Problem to solve:
Please keep the images out and set down the data exactly as given.

Given information:

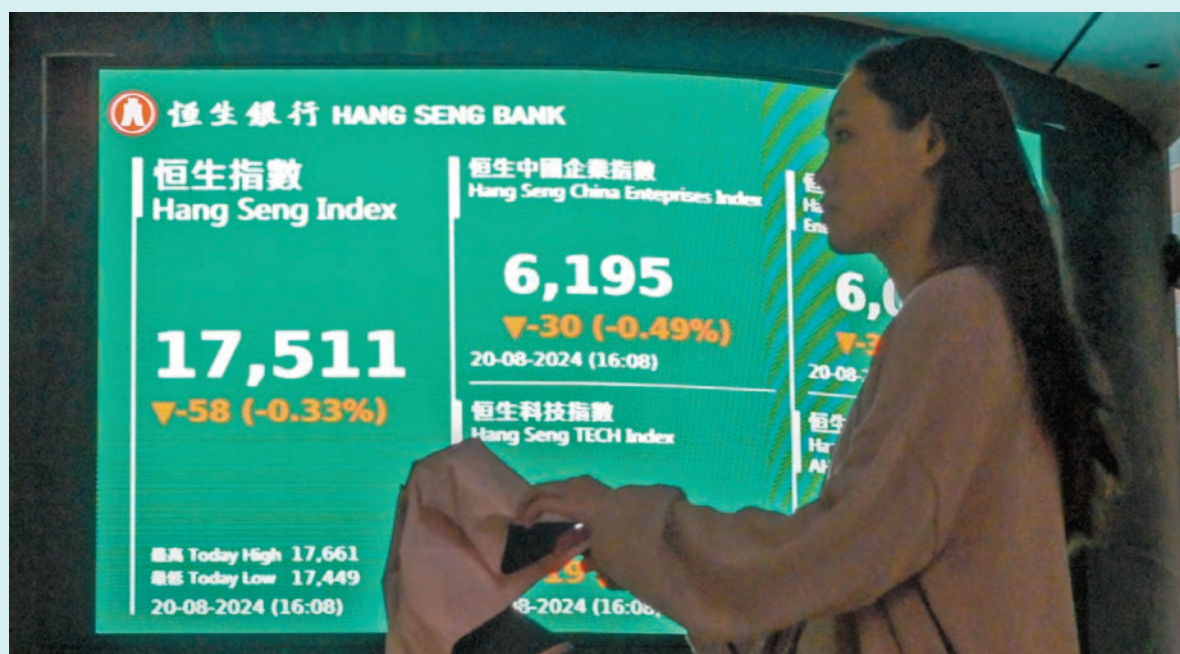
◆恒指公司表示，港股主板今年已有205間公司回購股份。圖為恒指昨日收市報價。

另外，特步（1368）半年純利及派息齊增加，股價逆市升4.5%。西部水泥（2233）中期純利減27%，全日插水11.9%。極兔速遞（1519）續後股價先升後挫5.9%。富瑞指，極兔速遞續後股價表現波動，主要由於其收入雖好過富瑞預期，但與市場預期則有差距，但經調整盈利表現則好過預期，富瑞仍維持對該股「買入」評級，但將目標價削4.4%，由9元降至8.6元。
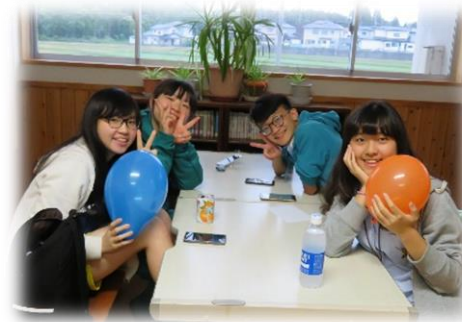
放課後ラウンジで談笑

Answer:
◆恒指公司表示，港股主板今年已有205間公司回購股份。圖為恒指昨日收市報價。

另外，特步（1368）半年純利及派息齊增加，股價逆市升4.5%。西部水泥（2233）中期純利減27%，全日插水11.9%。極兔速遞（1519）續後股價先升後挫5.9%。富瑞指，極兔速遞續後股價表現波動，主要由於其收入雖好過富瑞預期，但與市場預期則有差距，但經調整盈利表現則好過預期，富瑞仍維持對該股「買入」評級，但將目標價削4.4%，由9元降至8.6元。
放課後ラウンジで談笑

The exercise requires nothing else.